=== Section Start ===

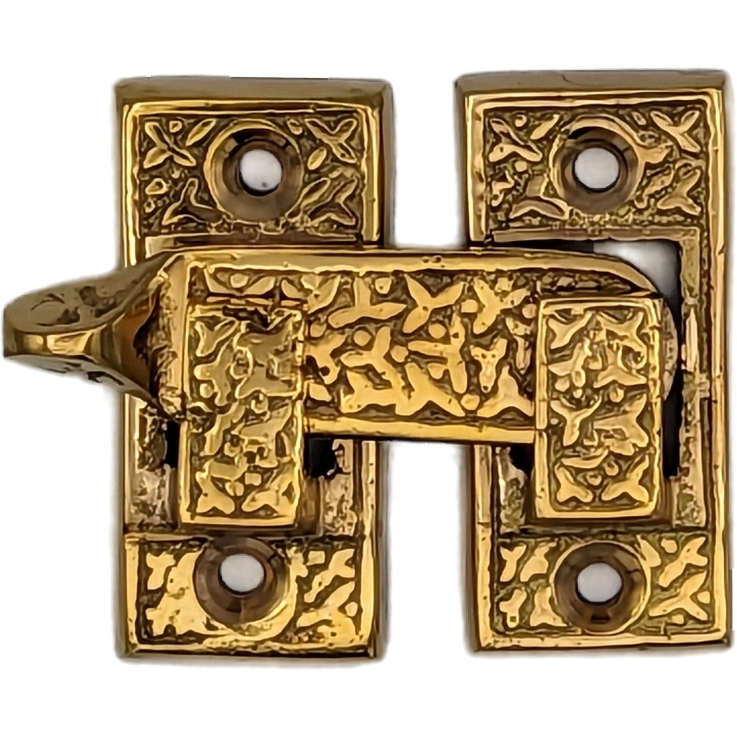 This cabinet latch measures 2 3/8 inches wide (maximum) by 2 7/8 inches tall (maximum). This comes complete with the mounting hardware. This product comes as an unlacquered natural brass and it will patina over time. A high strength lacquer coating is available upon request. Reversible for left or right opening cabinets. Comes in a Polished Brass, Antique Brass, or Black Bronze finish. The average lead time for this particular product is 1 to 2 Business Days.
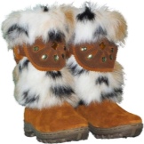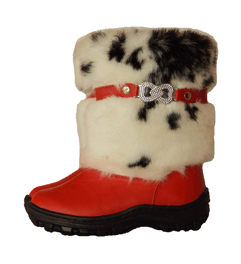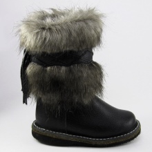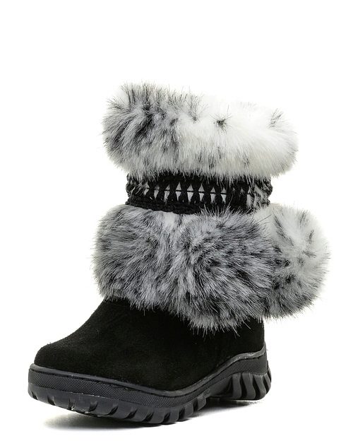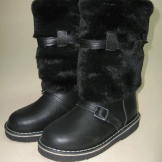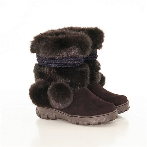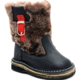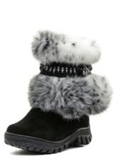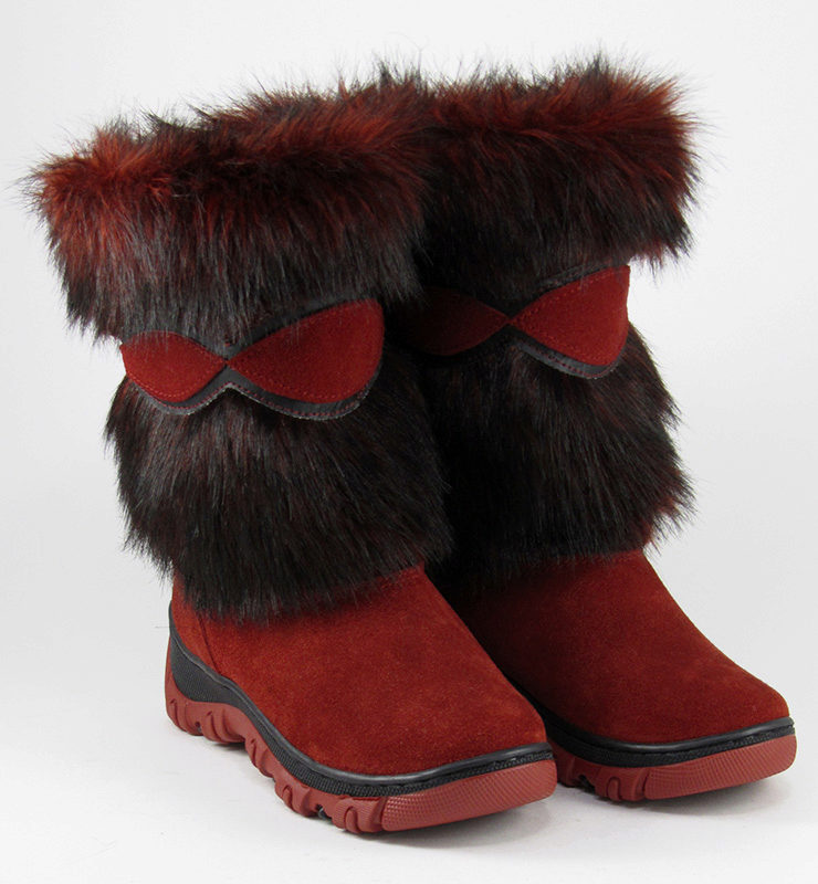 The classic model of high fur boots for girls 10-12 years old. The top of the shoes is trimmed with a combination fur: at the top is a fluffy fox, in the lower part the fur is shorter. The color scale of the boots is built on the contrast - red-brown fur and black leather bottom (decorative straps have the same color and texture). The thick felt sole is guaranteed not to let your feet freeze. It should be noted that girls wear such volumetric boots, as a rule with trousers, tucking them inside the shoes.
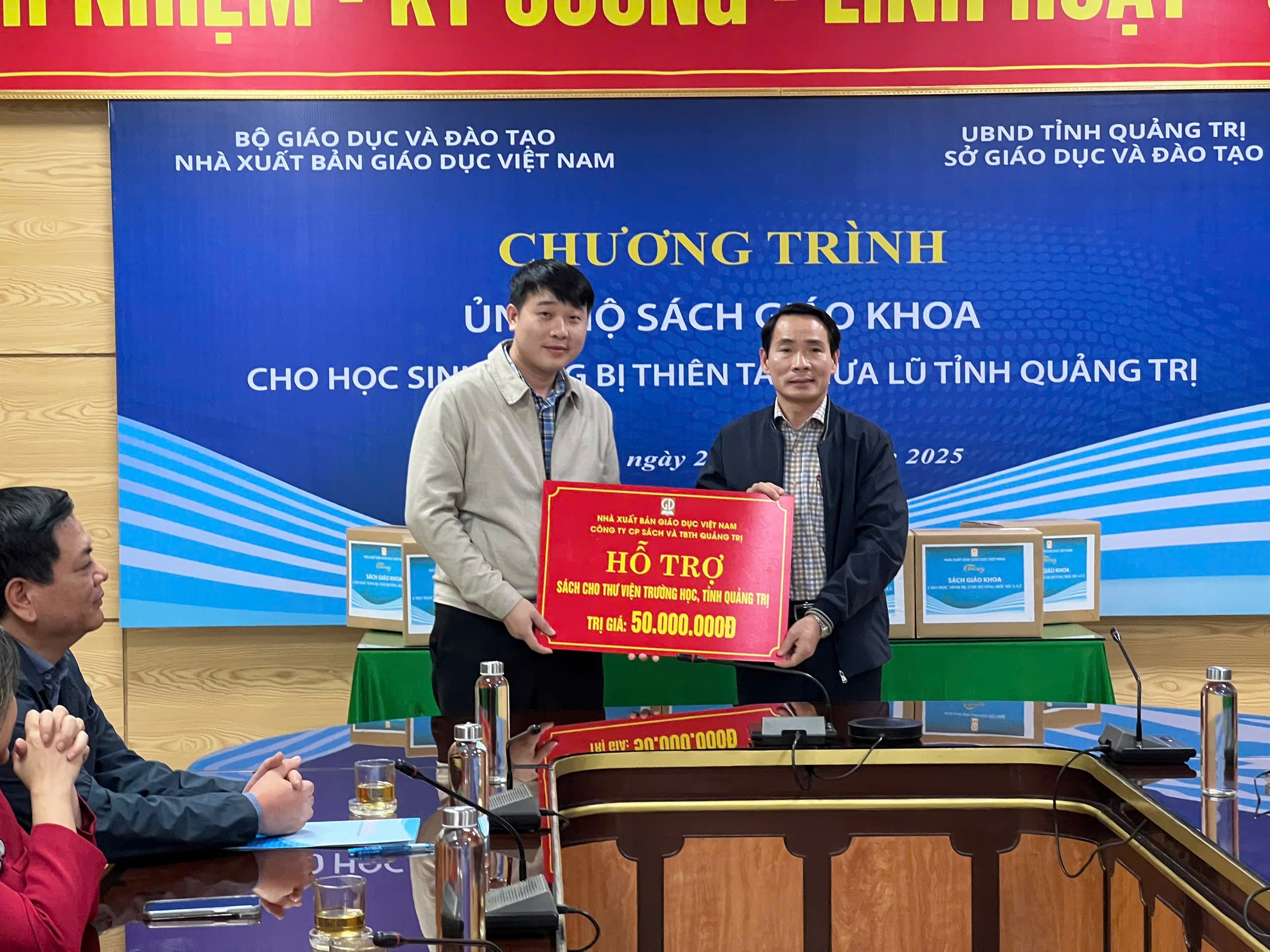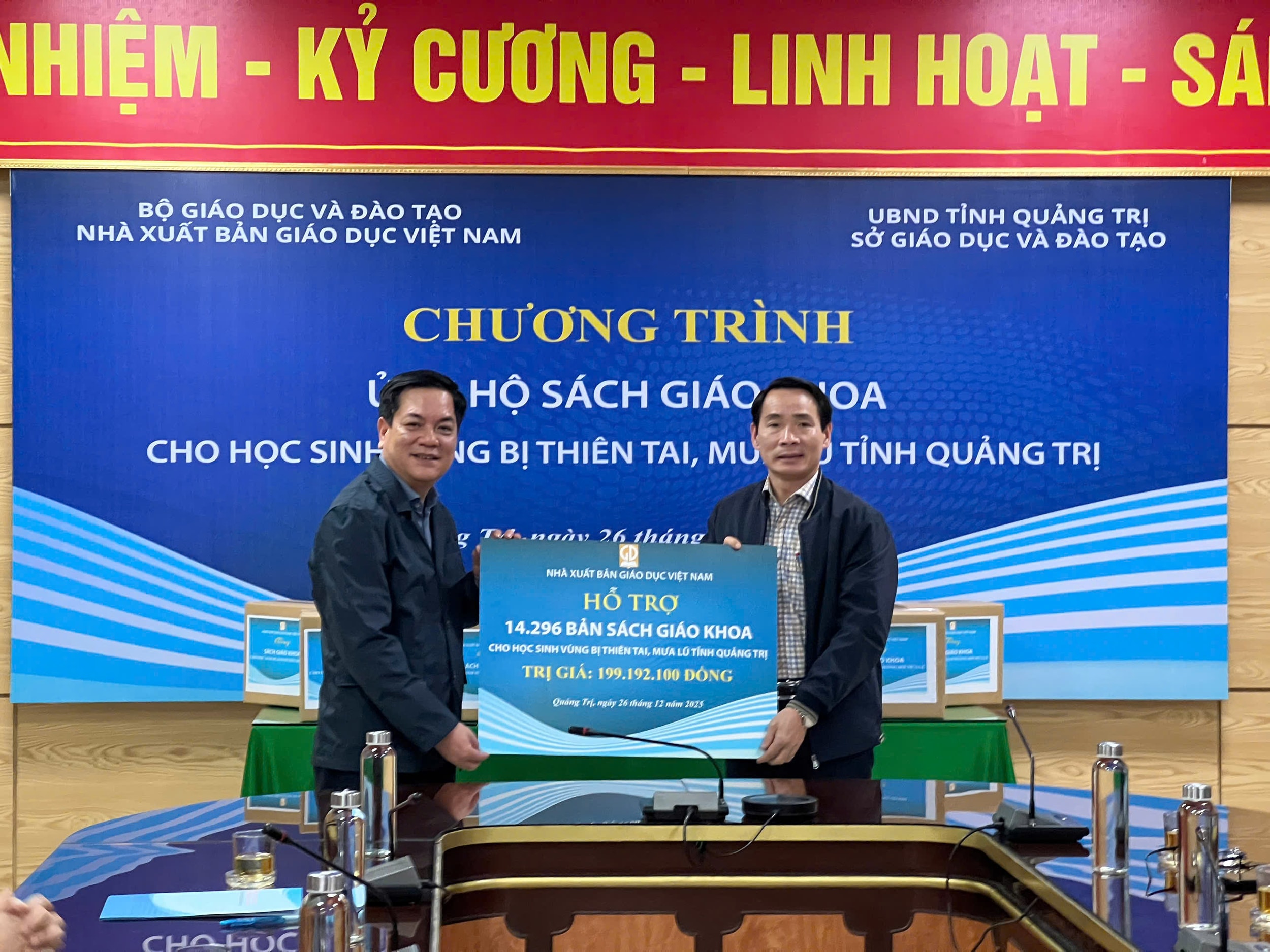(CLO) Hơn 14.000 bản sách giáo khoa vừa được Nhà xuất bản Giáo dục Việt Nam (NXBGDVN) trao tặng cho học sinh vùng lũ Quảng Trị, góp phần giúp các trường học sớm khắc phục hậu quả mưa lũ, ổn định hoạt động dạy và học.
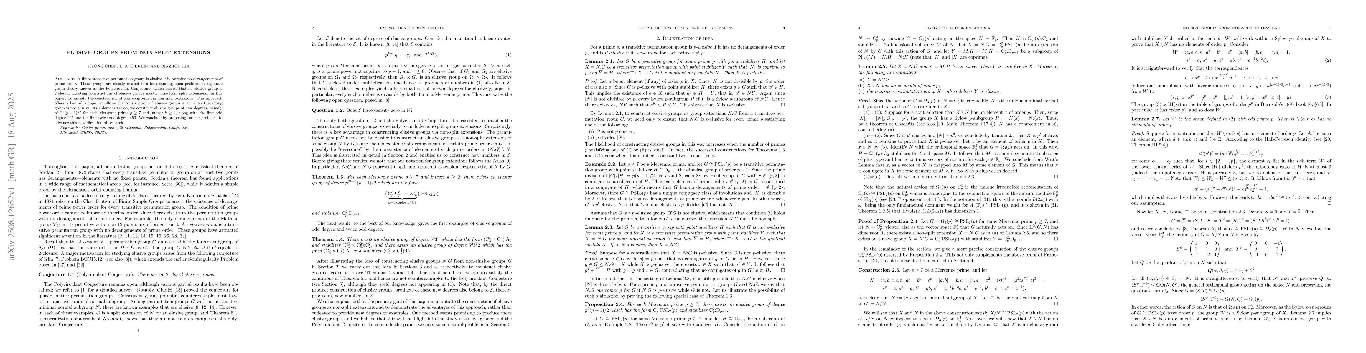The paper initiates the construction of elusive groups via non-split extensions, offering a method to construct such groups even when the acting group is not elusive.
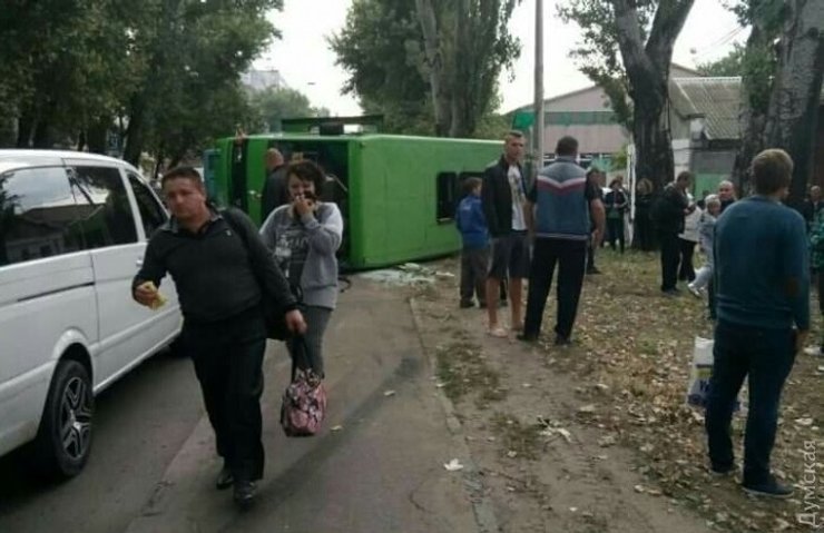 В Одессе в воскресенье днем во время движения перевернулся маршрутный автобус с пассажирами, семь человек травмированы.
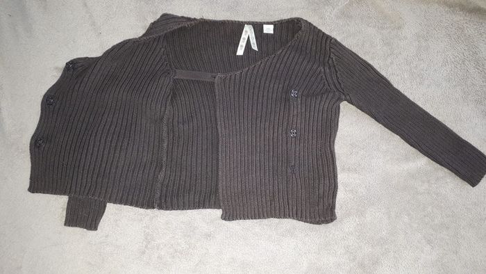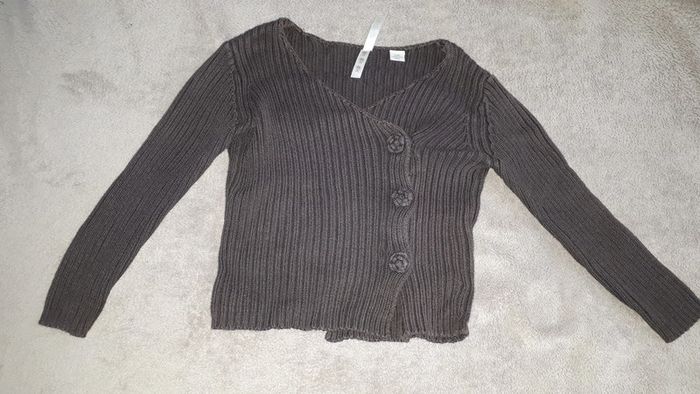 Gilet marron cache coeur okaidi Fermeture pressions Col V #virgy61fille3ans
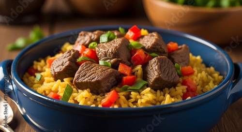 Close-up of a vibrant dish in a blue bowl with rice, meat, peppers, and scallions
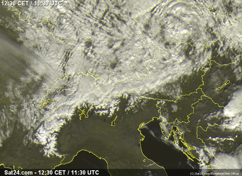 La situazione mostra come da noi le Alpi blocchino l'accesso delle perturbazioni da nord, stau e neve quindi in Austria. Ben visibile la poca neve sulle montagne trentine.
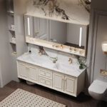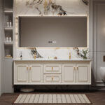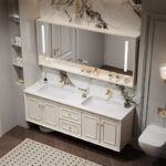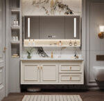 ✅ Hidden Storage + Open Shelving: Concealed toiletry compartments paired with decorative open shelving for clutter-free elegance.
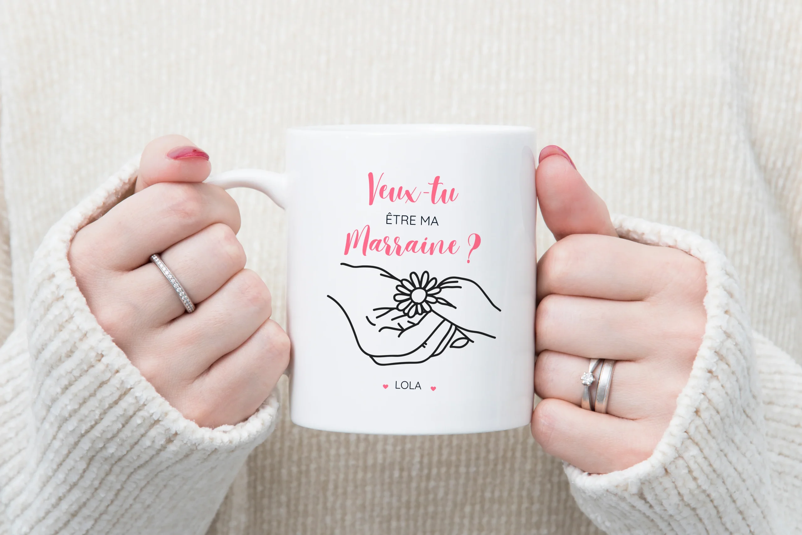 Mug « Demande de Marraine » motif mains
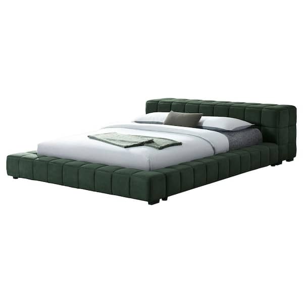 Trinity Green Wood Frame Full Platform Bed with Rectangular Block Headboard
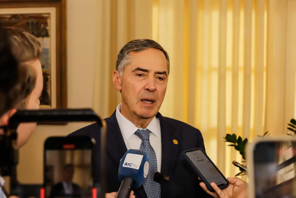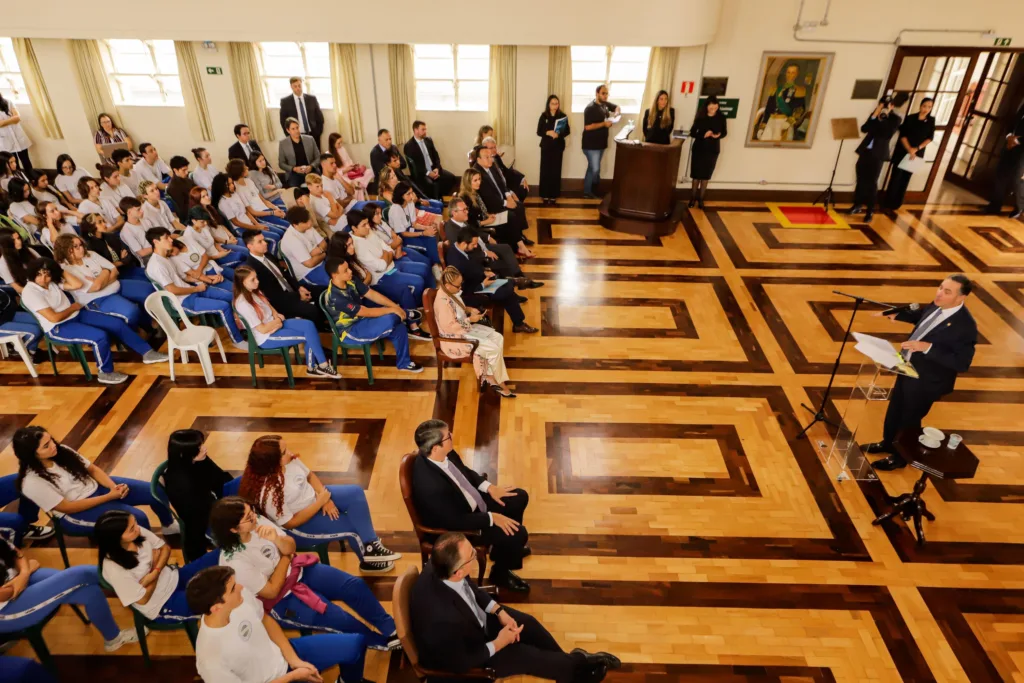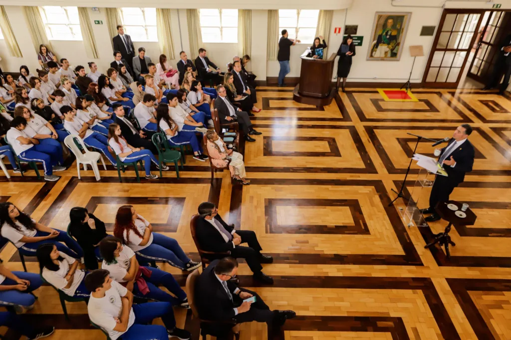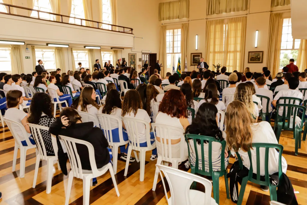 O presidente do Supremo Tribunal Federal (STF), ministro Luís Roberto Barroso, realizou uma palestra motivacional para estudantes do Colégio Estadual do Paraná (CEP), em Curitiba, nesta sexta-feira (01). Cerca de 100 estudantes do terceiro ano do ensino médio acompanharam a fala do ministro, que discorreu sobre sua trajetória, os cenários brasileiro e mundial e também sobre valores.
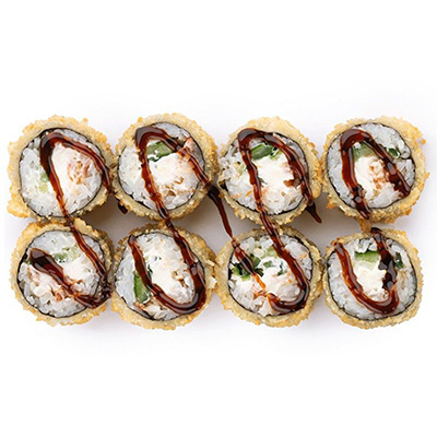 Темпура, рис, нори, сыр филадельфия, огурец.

=== Section End ===

▶ Assignment: Copy these entries precisely and drop any picture.

▶ Output:
 This cabinet latch measures 2 3/8 inches wide (maximum) by 2 7/8 inches tall (maximum). This comes complete with the mounting hardware. This product comes as an unlacquered natural brass and it will patina over time. A high strength lacquer coating is available upon request. Reversible for left or right opening cabinets. Comes in a Polished Brass, Antique Brass, or Black Bronze finish. The average lead time for this particular product is 1 to 2 Business Days.
 The classic model of high fur boots for girls 10-12 years old. The top of the shoes is trimmed with a combination fur: at the top is a fluffy fox, in the lower part the fur is shorter. The color scale of the boots is built on the contrast - red-brown fur and black leather bottom (decorative straps have the same color and texture). The thick felt sole is guaranteed not to let your feet freeze. It should be noted that girls wear such volumetric boots, as a rule with trousers, tucking them inside the shoes.
(CLO) Hơn 14.000 bản sách giáo khoa vừa được Nhà xuất bản Giáo dục Việt Nam (NXBGDVN) trao tặng cho học sinh vùng lũ Quảng Trị, góp phần giúp các trường học sớm khắc phục hậu quả mưa lũ, ổn định hoạt động dạy và học.
The paper initiates the construction of elusive groups via non-split extensions, offering a method to construct such groups even when the acting group is not elusive.
 В Одессе в воскресенье днем во время движения перевернулся маршрутный автобус с пассажирами, семь человек травмированы.
 Gilet marron cache coeur okaidi Fermeture pressions Col V #virgy61fille3ans
 Close-up of a vibrant dish in a blue bowl with rice, meat, peppers, and scallions
 La situazione mostra come da noi le Alpi blocchino l'accesso delle perturbazioni da nord, stau e neve quindi in Austria. Ben visibile la poca neve sulle montagne trentine.
 ✅ Hidden Storage + Open Shelving: Concealed toiletry compartments paired with decorative open shelving for clutter-free elegance.
 Mug « Demande de Marraine » motif mains
 Trinity Green Wood Frame Full Platform Bed with Rectangular Block Headboard
 O presidente do Supremo Tribunal Federal (STF), ministro Luís Roberto Barroso, realizou uma palestra motivacional para estudantes do Colégio Estadual do Paraná (CEP), em Curitiba, nesta sexta-feira (01). Cerca de 100 estudantes do terceiro ano do ensino médio acompanharam a fala do ministro, que discorreu sobre sua trajetória, os cenários brasileiro e mundial e também sobre valores.
 Темпура, рис, нори, сыр филадельфия, огурец.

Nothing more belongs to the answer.